Abacavir

Last Updated June 10, 2016

Trade Names

• Abacavir: Ziagen; Aspen Abacavir; Cipla-Abacavir; Adco-Abacavir; Invertron; Sonke Abacavir; Kavimun Paed (Mylan);
• Zidovudine/lamivudine/abacavir: Trizivar, Sonke Abaclamid; 
• Lamivudine/abacavir: Kivexa, Dumiva (Mylan)

Drug Classification

Nucleoside reverse transcriptase inhibitor antiretroviral

Formulations

• Abacavir: 300 mg tablets; 20 mg/mL oral solution; 60 mg tablets
• Zidovudine/lamivudine/abacavir: 300/150/300 mg tablets
• Lamivudine/abacavir 300/600 mg tablets

Indications and Pharmacology

Indication: treatment of HIV infection in combination with other antiretrovirals.

Mechanism of action*: a guanosine analogue that is phosphorylated intracellularly to carbovir triphosphate, which interferes with HIV viral RNA–dependent DNA polymerase inhibiting viral replication.

Pharmacokinetics*: metabolized in the liver by alcohol dehydrogenase and glucuronyl transferase. 82% excreted in the urine. Half-life: serum = 1.5 hours; intracellular = 12-26 hours.

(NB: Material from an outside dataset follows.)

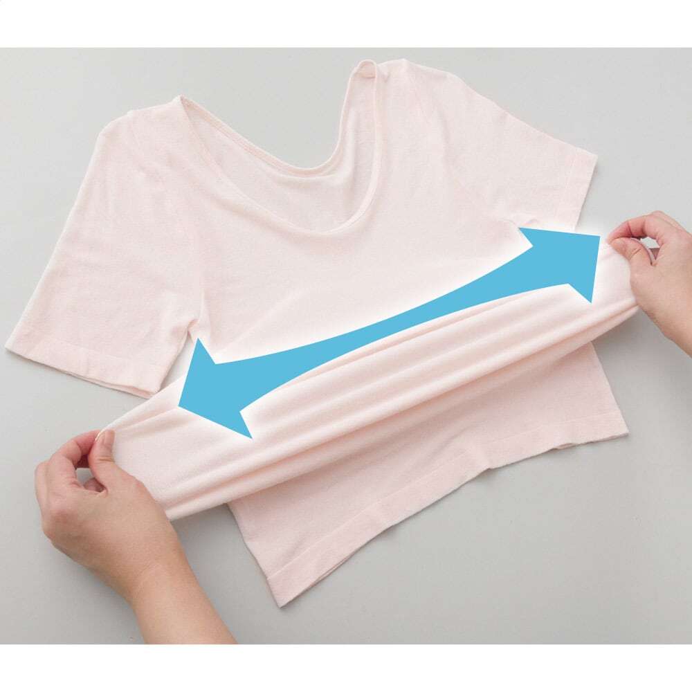 200%伸びる記事と脇に縫い目のない仕様で着心地・着脱共にらくらく。

Good cerebrospinal fluid penetration.

Dosage

Adult Dose: 300 mg twice daily or 600 mg once daily with or without food.

Use in Renal or Hepatic Insufficiency: 

• Reduce adult dose to 200 mg twice daily for mild liver impairment (Child-Pugh Class A).* Contraindicated in moderate or severe liver impairment.*
• No dose adjustments needed in renal insufficiency. Use with caution in patients receiving peritoneal dialysis.^‡

Use in Pregnancy and Breastfeeding: Category C. Excreted into breast milk. Infants of mothers receiving abacavir should not be breast-fed.

Use in Children:

• Safety and efficacy in neonates and infants < 3 months old is not established.
• 3 months to 12 years: oral 8 mg/kg twice daily or 16 mg/kg once daily up to 600 mg/day.
• > 12 years: use adult dosing.

Warnings

Contraindicated in patients with severe liver impairment or fructose intolerance (oral solution only) and in patients with HLA-B*5701 allele.

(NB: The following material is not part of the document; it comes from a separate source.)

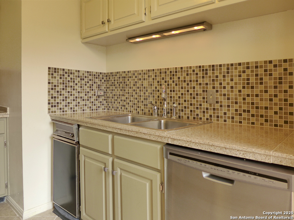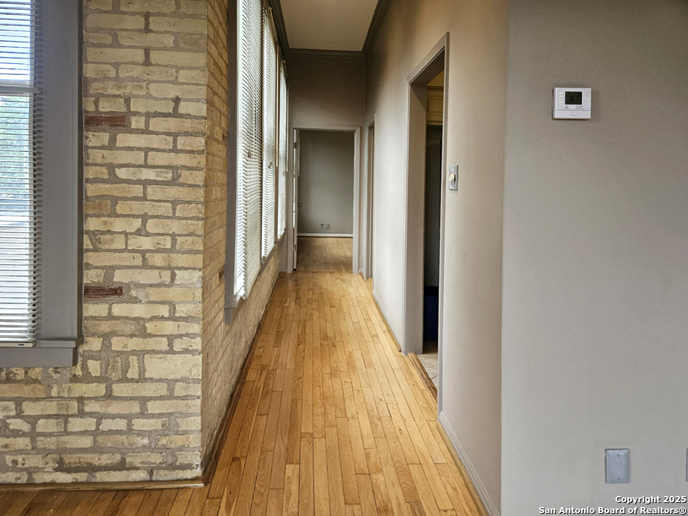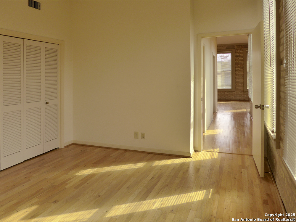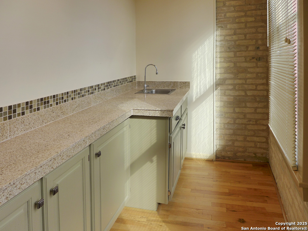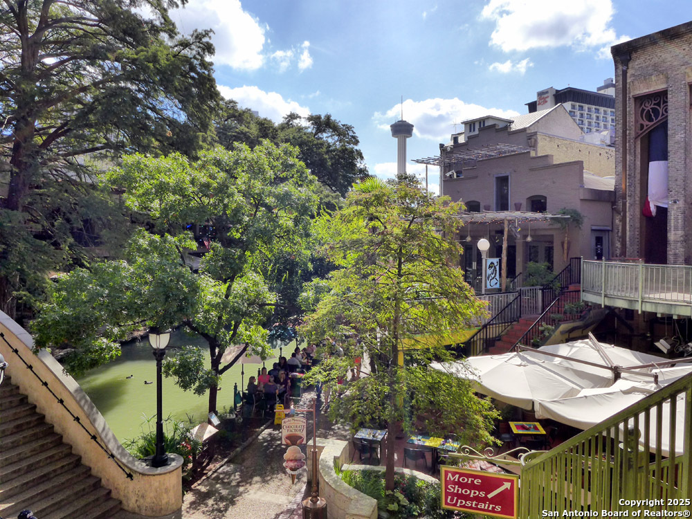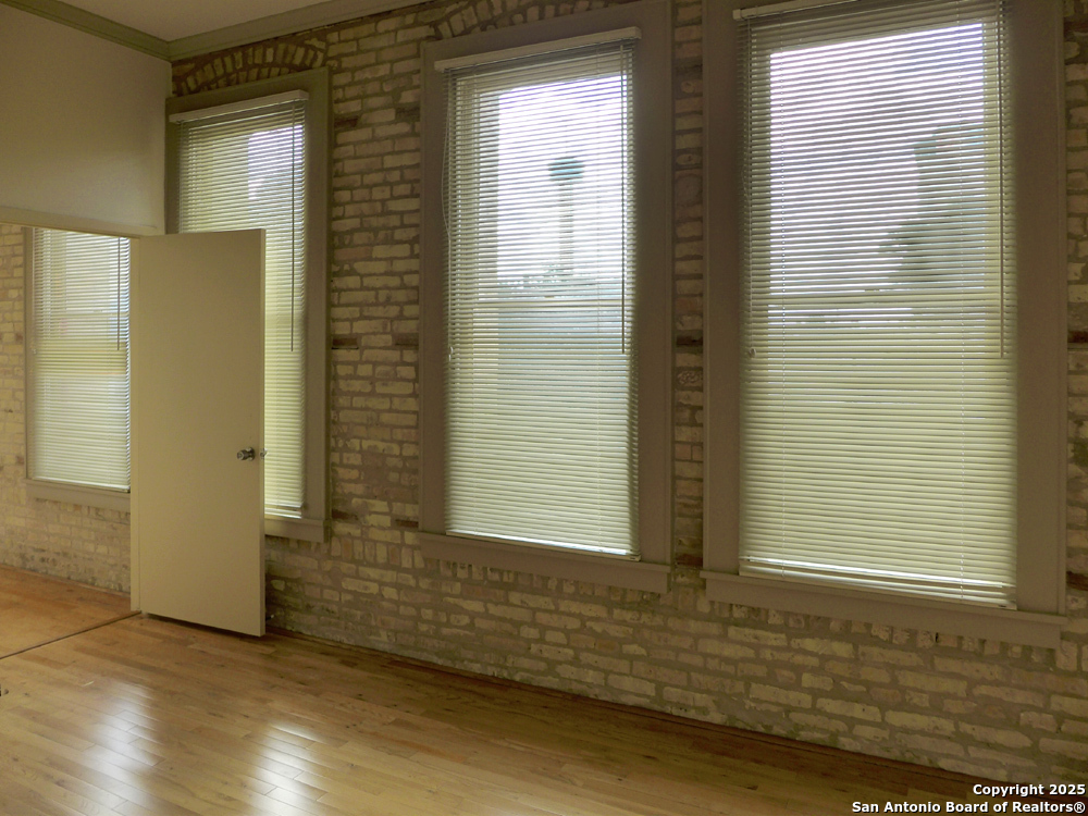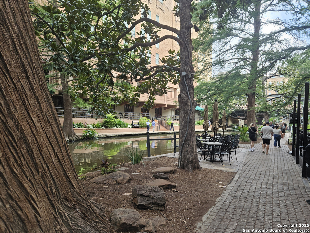 Experience the charm of downtown living in this stylish condo featuring soaring ceilings, exposed brick walls, crown molding, and beautiful refinished hardwood floors. The updated galley kitchen includes solid-surface countertops, tile backsplash, refrigerator, and even a built-in trash compactor for convenience. A versatile wet bar area is perfect for mixing drinks, storage, or a compact laptop station. Enjoy access to a laundry room shared with only one other residence, and take advantage of the included parking pass for nearby Riverbend Garage. Just steps away from the vibrant River Walk, where you'll find cafes, restaurants, and shopping. This one-of-a-kind home blends historic character with modern comfort.

US Prescribing Information Boxed Warning*: serious and sometimes fatal hypersensitivity reactions have occurred. Patients testing positive for the HLA-B*5701 allele should not receive abacavir, and screening is recommended prior to initiating therapy. Although patients with the HLA-B*5701 allele are at higher risk for hypersensitivity reactions, they have also occurred in patients who do not carry the allele. The reaction usually occurs within 6 weeks of treatment. Two or more of the following symptoms usually occur: fever, rash, constitutional symptoms (malaise, fatigue, aches), respiratory symptoms (pharyngitis, dyspnea, cough), and gastrointestinal symptoms. If hypersensitivity occurs, abacavir should be discontinued immediately and the patient should not be rechallenged. In rare cases, severe reactions have occurred with abacavir reintroduction in patients without a history of abacavir hypersensitivity

US Prescribing Information Boxed Warning*: lactic acidosis/hepatomegaly with steatosis has been reported with the use of nucleoside analogues and other antiretroviral drugs with fatal cases reported. Use in caution with patients with risk factors for liver disease and suspend treatment if a patient develops signs and symptoms.

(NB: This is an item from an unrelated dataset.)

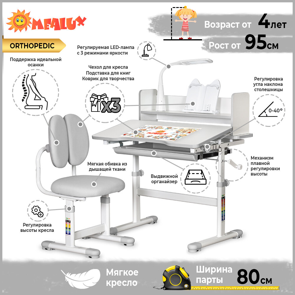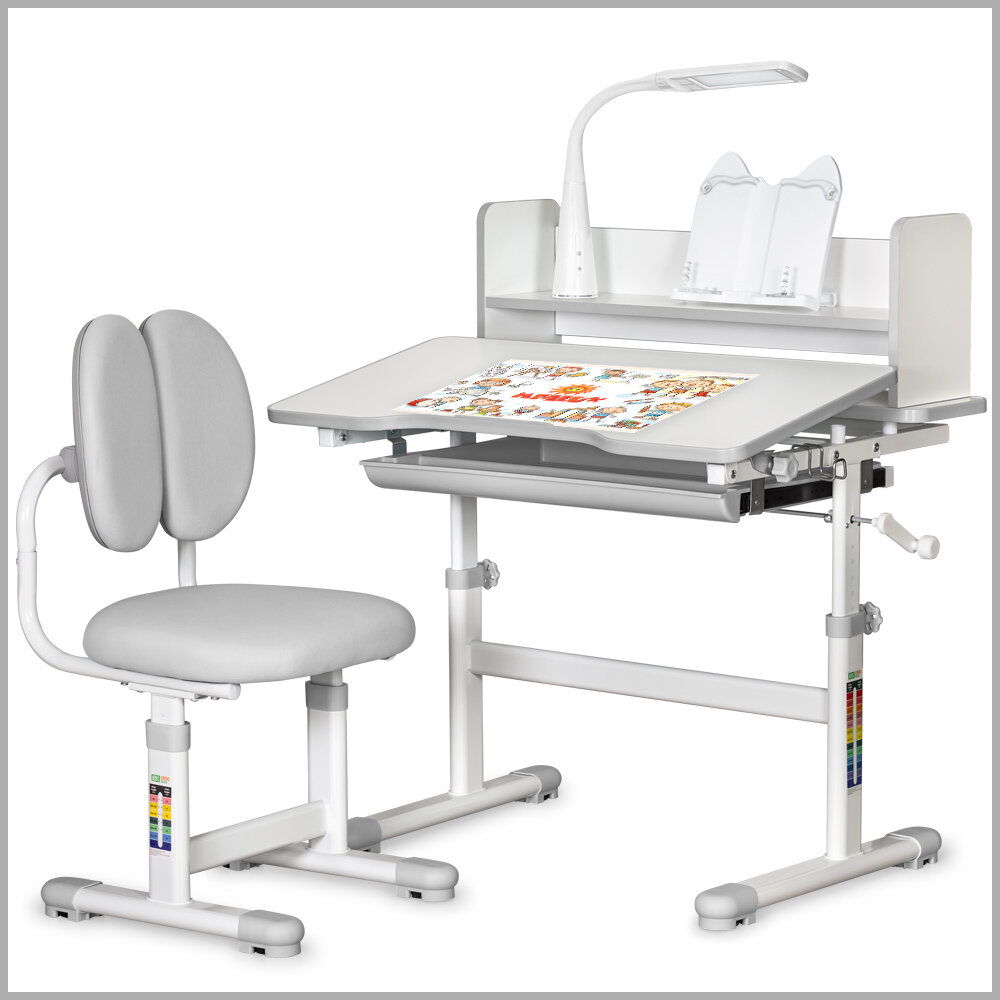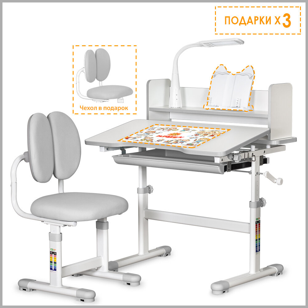 1.2. высота письменного стола для школьника регулируется ступенчато в диапазоне от 53 до 72 см, поэтому комплект подходит для детей от 3 до 12 лет. Шкала соотношения роста ребёнка к высоте столика поможет правильно подобрать параметры,

• Abacavir should be discontinued in any patient who develops lactic acidosis or pronounced hepatotoxicity.

Drug–Drug Interactions

No significant drug–drug interactions.

Considerations for Special Populations

See above for pregnancy and lactation

Adverse Effects

Generally very well tolerated. Potentially life-threatening hypersensitivity reaction may occur in the first 6 weeks of treatment (see Warnings). Rechallenge is contraindicated in any patient who has experienced symptoms of a hypersensitivity reaction to abacavir.

An increased risk of myocardial infarction has been seen in some but not all cohort studies, with the greatest risk in patients with risk factors for cardiovascular disease.*

Other adverse effects include sleep disorders, headache, lactic acidosis and hepatic steatosis (see Warnings), anemia, neutropenia, elevated creatine kinase, pancreatitis.

*Information from US prescribing information.
^‡Recommendation from South African Renal Society, 2008.